### What is expected
Only one span is wanted from the lines below: from the one with "Remove the needed Qwiklet tabs" up to and including the one with "The trial site". Copy it exactly, without images.

### Task material
_ _ _ _ _ _ _

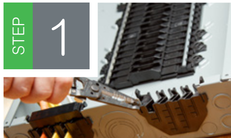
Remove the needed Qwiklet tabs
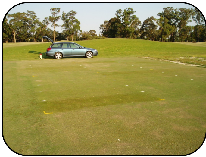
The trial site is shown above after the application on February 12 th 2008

_ _ _ _ _ _ _

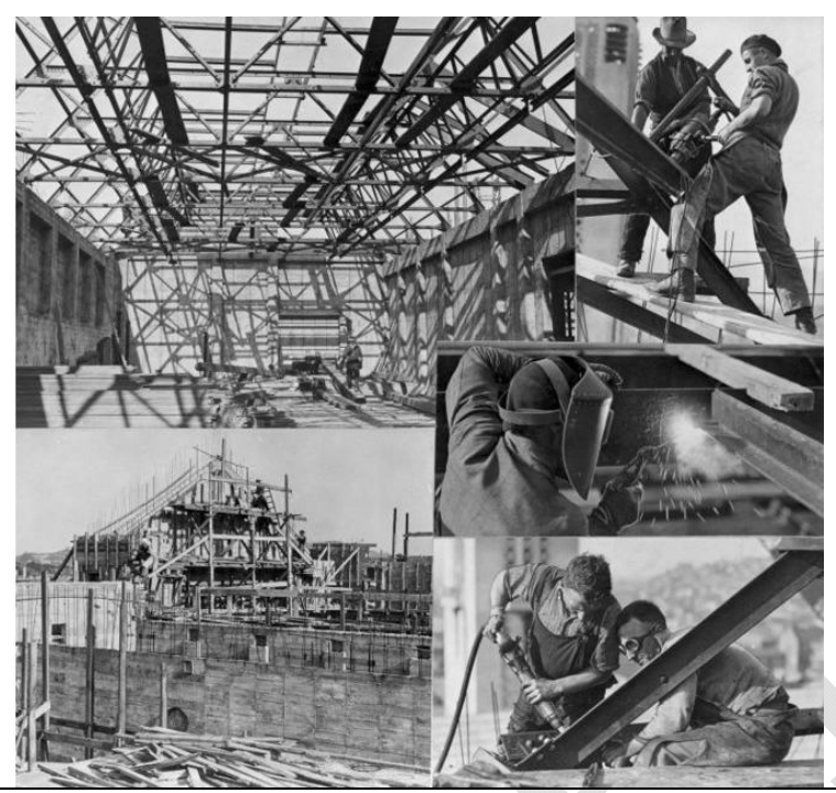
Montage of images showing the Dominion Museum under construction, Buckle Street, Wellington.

_ _ _ _ _ _ _

### Output
Remove the needed Qwiklet tabs
The trial site is shown above after the application on February 12 th 2008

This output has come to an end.